▸ **Assigned task**: Pictures stay out of the copy; set down each line of the listing below exactly.

▸ **Information provided**:
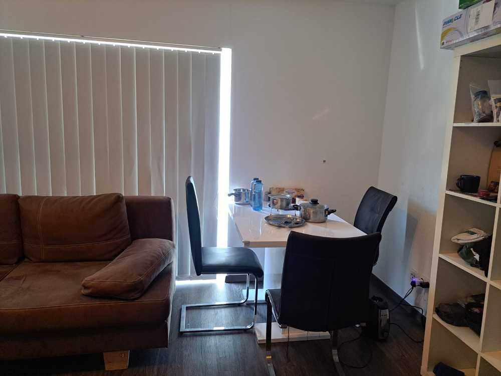 Freundlich, helles möbliertes Appartement mit Wohn-Essbereich und bodentiefer Fensterfront, sowie sep. Schlafnische, 1 sep. Küche mit integrierter Einbauküche, 1 Duschbad, 1 Diele mit Dieleneinbauschrank, TV.
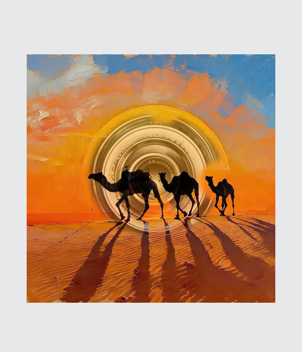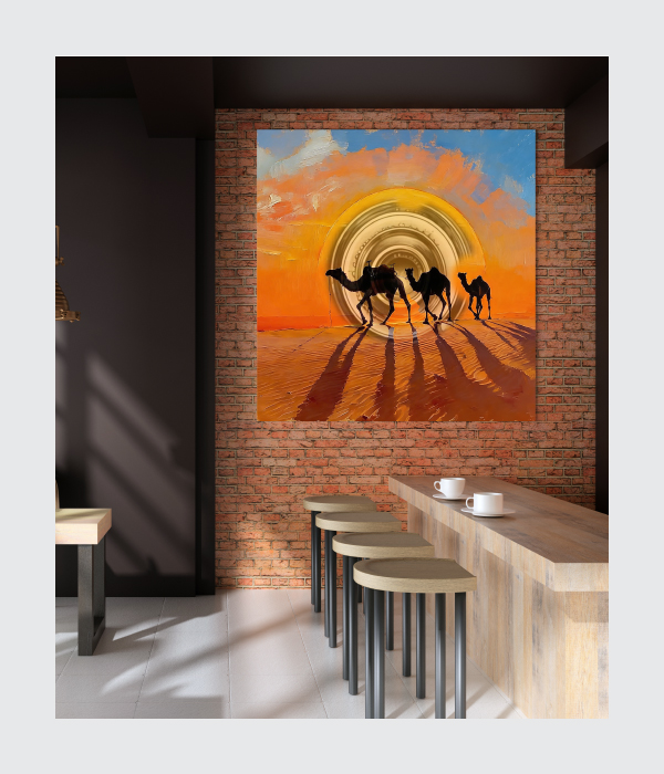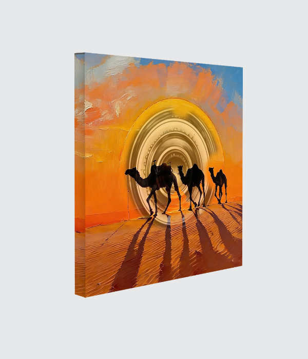 🐪 Under a radiant golden sun, a caravan of camels walks gracefully across the endless desert, casting long shadows on the warm sands. 🌅 The blend of fiery orange and soft blue sky creates a mesmerizing contrast, capturing both the heat and serenity of the moment. ✨ This painting reflects resilience, movement, and the timeless beauty of nature’s journey, inviting a sense of calm and wanderlust. 🌵 It feels like a silent story unfolding in the heart of the desert, where every step holds purpose and peace.
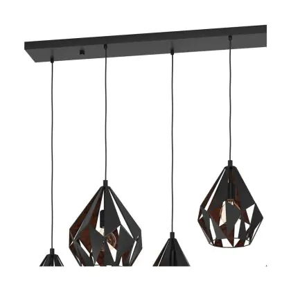 Eglo Pendelleuchte Carlton 1 Stahl Schwarz Bernstein | IP20 - Geeignet für 6x E27

▸ **Result of this exercise**:
 Freundlich, helles möbliertes Appartement mit Wohn-Essbereich und bodentiefer Fensterfront, sowie sep. Schlafnische, 1 sep. Küche mit integrierter Einbauküche, 1 Duschbad, 1 Diele mit Dieleneinbauschrank, TV.
 🐪 Under a radiant golden sun, a caravan of camels walks gracefully across the endless desert, casting long shadows on the warm sands. 🌅 The blend of fiery orange and soft blue sky creates a mesmerizing contrast, capturing both the heat and serenity of the moment. ✨ This painting reflects resilience, movement, and the timeless beauty of nature’s journey, inviting a sense of calm and wanderlust. 🌵 It feels like a silent story unfolding in the heart of the desert, where every step holds purpose and peace.
 Eglo Pendelleuchte Carlton 1 Stahl Schwarz Bernstein | IP20 - Geeignet für 6x E27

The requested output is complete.